The Dogs of War (SkyLine 3) - Page 29

“Also…earlier, in the chaos… The prisoner, Drogan… he…”

“He finally slipped his bindings?” Donellanus chuckled, now that he saw it the way Machaeus did.

“I’m afraid he escaped,” Caullen nodded. He winced away from the eight-hundred possible reactions his King might have. Nothing could have prepared him for the one Donellanus actually had. He laughed. Hard. Through bucks of his chest, he managed to say:

“No, he hasn’t.”

Chapter Fifteen: Seven Tears

Kalus waited outside the door to the Captain’s back office. His knuckles slid against the smooth wood, unwilling to knock. He let his head droop in a listless moment of hesitation. He alre

ady knew what was waiting for him on the other side. He’d known the second Demi asked him to come back there, by the quaver in his voice. Only hours after his duel with Donellanus, Kalus found himself even more frightened. Now, he took up a fist in place of swords. He rapped it once against the hardwood door.

“In,” his Captain’s voice called him. Kalus twisted the knob, pushed through, and pulled the door shut behind him in a single motion. He dragged his boots until his toes hit the front of Demi’s desk.

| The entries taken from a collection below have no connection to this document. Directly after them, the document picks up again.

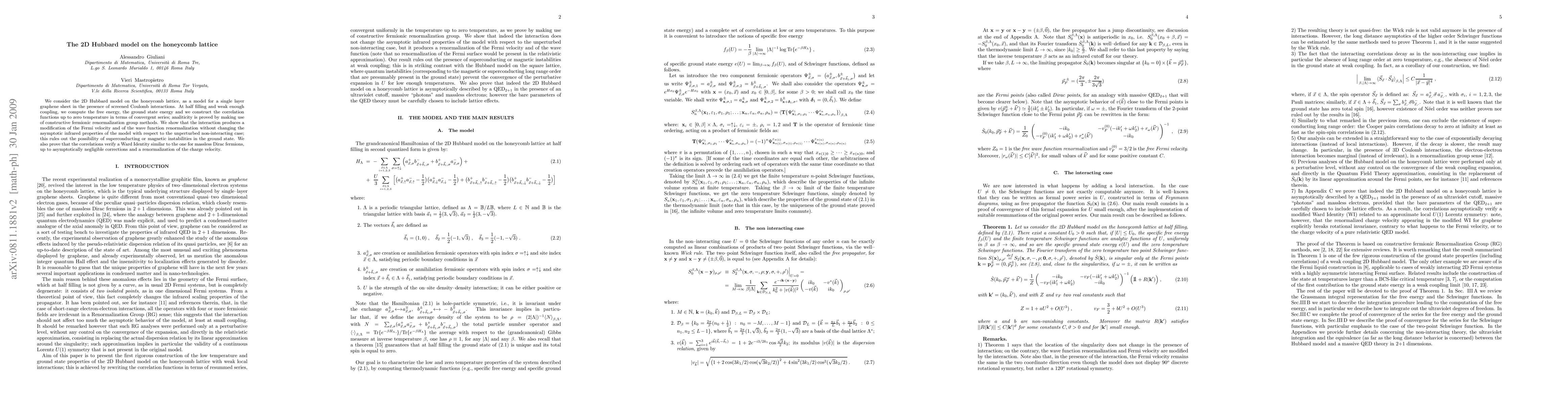 Researchers studied the 2D Hubbard model on a honeycomb lattice, finding that weak interactions modify Fermi velocity but not asymptotic infrared properties, ruling out superconducting or magnetic instabilities.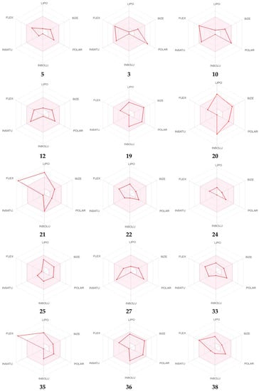 In order to provide the most promising compounds and reduce the risk of drug attrition in the late stage, the ADME parameters of the identified compounds were evaluated using SwissADME software. Herein, we have taken account only of analogs with the most potent ADME properties. As shown (Table 3), by obeying the Lipinski’s rule, the selected compounds manifest good oral absorption with good bioavailability score (0.55–0.56) and TPSA (topological polar surface area) values less than 140 Å2 (except 3), suggesting that they expected to be orally absorbed. Except those of 20 and 40, the rest of the compounds exhibited acceptable consensus Log Po/w. Regarding their pharmacokinetics properties, all selected compounds displayed high gastrointestinal (GI) properties (except 3) and were blood–brain barrier (BBB) permeant (except 23, 33, 36, 40). Some of them were predicted to be not P-gp substrate, giving them the property to have promising intestinal absorption with better bioavailability. The screened CYP (Cytochrome P450) enzyme isoforms (used in biotransformation of drugs and xenobiotics) data indicate that all selected compounds were found to be inhibitors of at least 3 isoenzymes among the tested CYP 1A2, CYP2C19, CYP2C9, CYP2D6 and CYP3A4 isoforms. Their negative skin permeability values allow them to be not permeable through the skin and therefore not suitable candidates for transdermal drug delivery. The drug-likeness behavior was assessed by the bioavailability radar (Figure 2) for oral bioavailability prediction. The results revealed that at least twelve compounds of the extract fall in the pink area of the polygon (Figure 2), suggesting good oral bioavailability.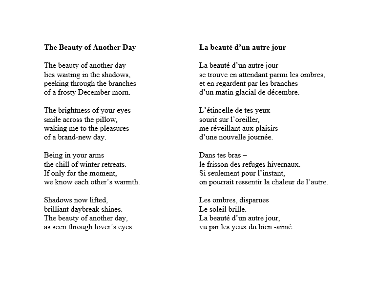 I am delighted to have 5 of my poems translated into French, and placed on the Blog of my dear talented friend Vatsala Radhakeesoon!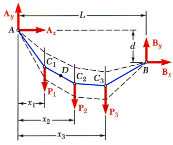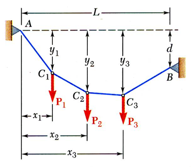 load가 vertical하게 작용하고 있고, cable의 무게는 무시하며, cable은 flexible하므로 bending에 대해 고려하지 않습니다. 또 힘이 작용하는 cable의 각 부분은 two force member처럼 취급합니다.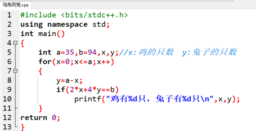 师:今有鸡兔同笼,上有三十五头,下有九十四足只,问鸡兔各有几只?用什么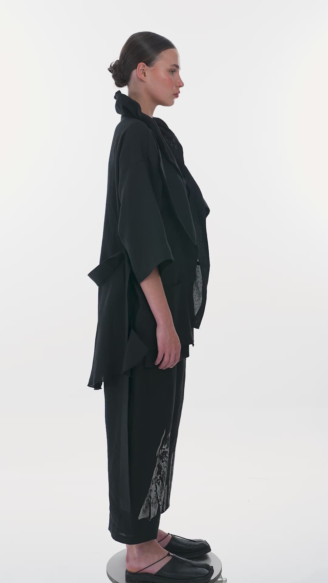 - Shawl collar, leaf pattern designed with original linoleum printing technique on one side of the front, belted waist, three-quarter sleeves, two front pockets, unlined, linen jacket.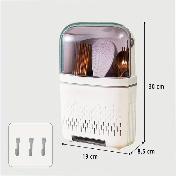 🧹 Design rezistent la praf cu un capac pentru a păstra ustensilele curate.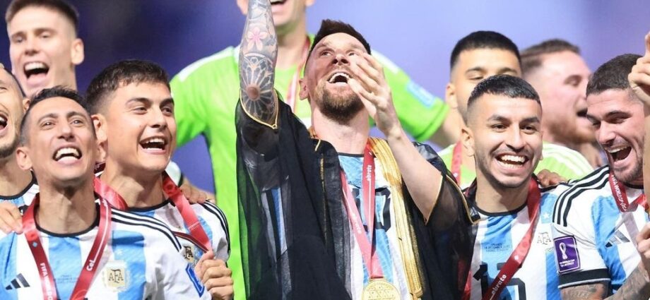 Al momento de recibir el anhelado trofeo en el Mundial, Messi fue vestido con un llamativo atuendo.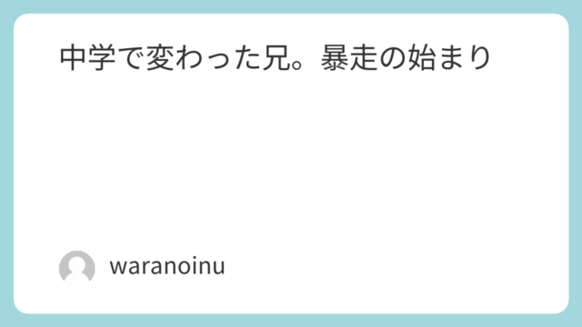まだ中学生の頃の話。今でもはっきり覚えている出来事がある。兄が服を万引きして、それが発覚した。母親が兄を連れて、警察と店に向かった。俺はその場にはいなかった。後日、兄からその時の話を聞いた。普通のテンションやった。「いや、信号赤やのにそのま...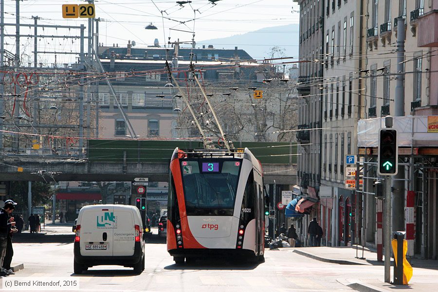 | Trolleybus Genève - 1620 Gelenk-Oberleitungsbus 1620 auf Linie 3 nach Champel bei der Abfahrt von der Haltestelle Lyon, aufgenommen am 09. April 2015. Photo: Bernd Kittendorf (info@bernd-kittendorf.de) Homepage: www.bernd-kittendorf.de |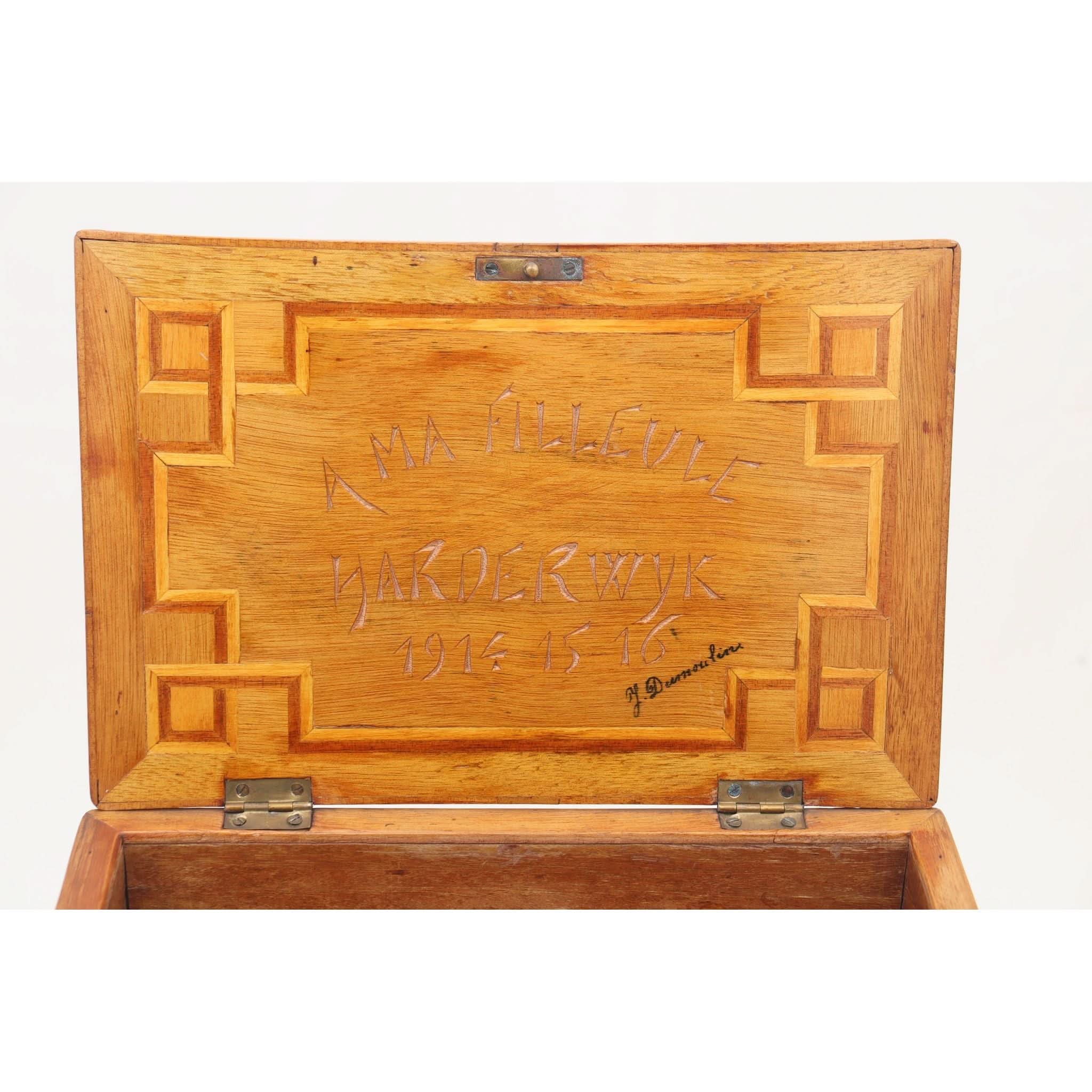 On the 4th of August 1914, in order to attack France, Germany invaded neutral Belgium, which resulted in a vast number of Belgians fleeing to the neutral Netherlands. These refugees were housed in a number of displacement camps, one of which was Harderwijk, near the town of the same name. To earn a little money and keep them occupied, inmates were allowed to manufacture small items such as this box. The camps were closed down shortly after the end of the war.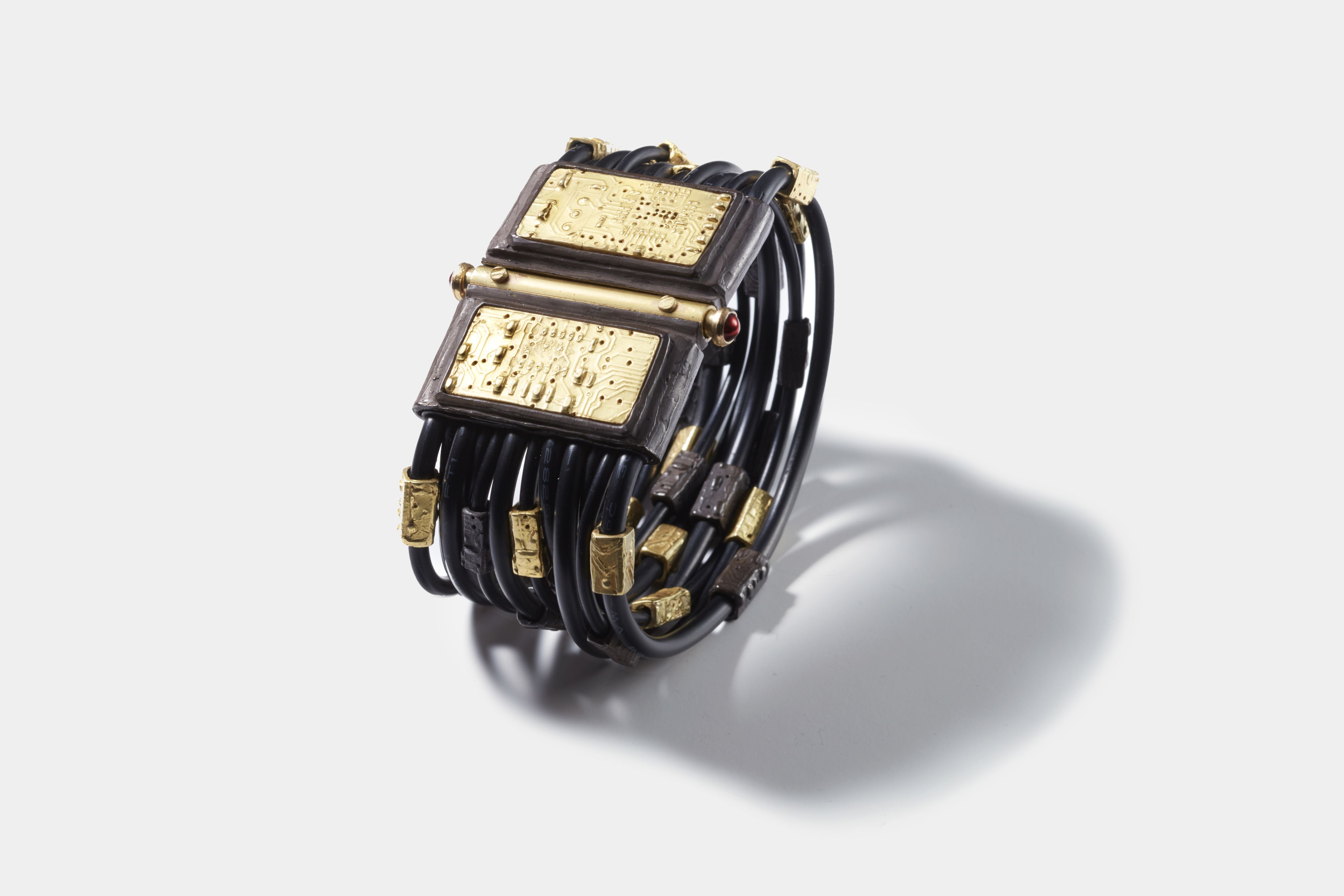A cuff bracelet by Oushaba, made from a gold-plated switch board and old charging wires. Photo: Oushaba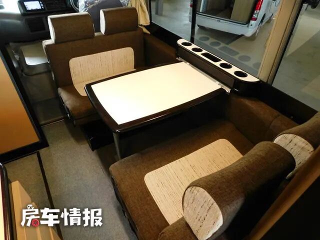 如果驻车的时候需要聚餐吃饭,就可以将前排的双人沙发向后旋转,与后排沙发形成一个面对面的交流空间,中间放置一张可折叠移动的餐桌,就搭建成了一个简单的会客区。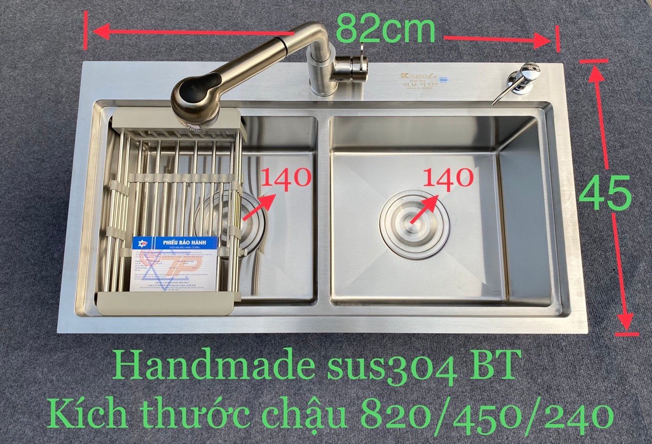 - Chậu rửa bát được sản xuất trên công nghệ tiên tiến của Hàn Quốc dập liền nguyên khối ( Không hàn mài )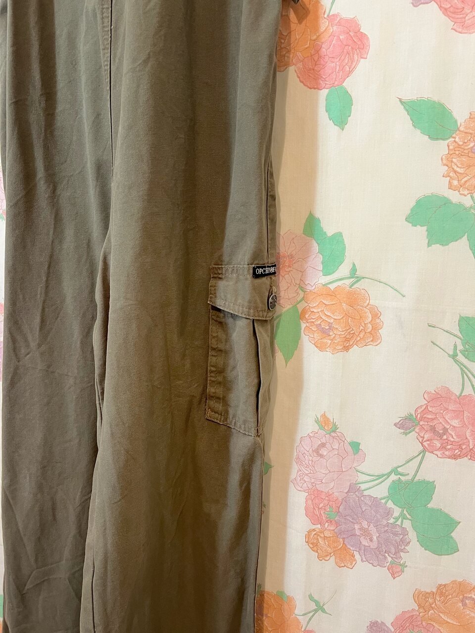 Vintage khaki cotton overalls by Opchinjeans, gorgeous cargo fit and loose lightweight fabric. Fits a size 38.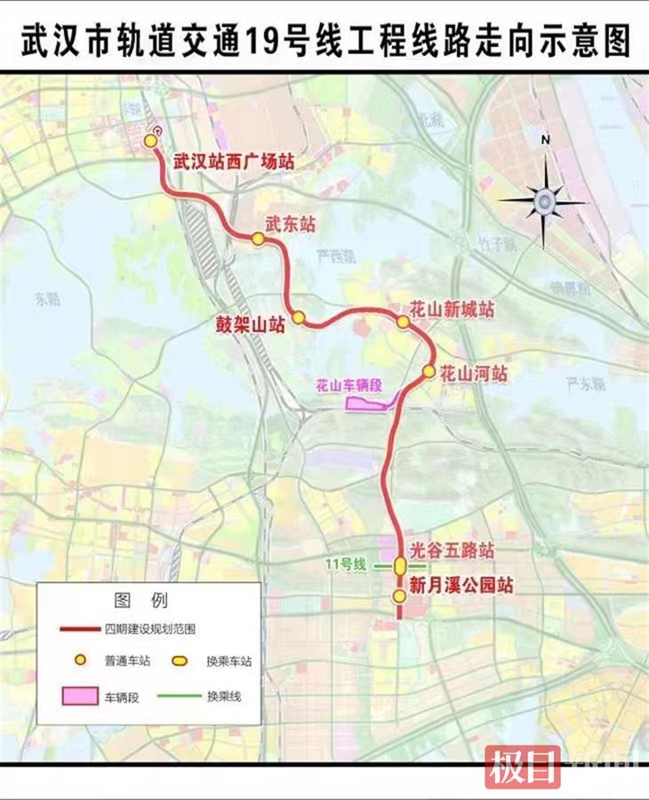地铁19号线工程起于武汉站西广场站,线路沿武东路、花城大道、花山大道、光谷五路走行,止于新月溪公园站,全长约23.3公里,全为地下线,设车站7座。全线共设2座换乘站,在光谷五路站与11号线换乘,在新月溪公园站预留了与远期13号线换乘的条件。

Kalus stood in wait for the lashing. “That was about the stupidest thing I think I’ve ever seen you do. That should say quite a lot.”

“That it does,” Kalus admitted. He forced his eyes up, to meet his Captain head on. “Sometimes my job calls me to do stupid things.”

“Don’t you try to justify it,” Demi struck back, fist clenched against his desktop. Kalus broke his stiff form only for the slightest of shrugs.

“It’s not about justifying it. My role in this unit is to protect you and the others from close-range threats. That’s exactly what I did,” Kalus objected.

“Within reason, Kalus!” Demi roared. his hands slammed down on his desk hard enough to topple his Captain’s plaque. “You shouldn’t have taken on the King of Dragons alone! Especially not after I explicitly ordered you not to!”

“I’m sorry, Demi. I don’t know what to tell you besides it’s-”

“From now on, your job is to keep your name off my conscience! I never want to visit your grave, Kalus. Do you understand me?” Demi demanded. Blood funneled through every pronounced vein in his face, brightening it to a hot red. “Do you understand me?”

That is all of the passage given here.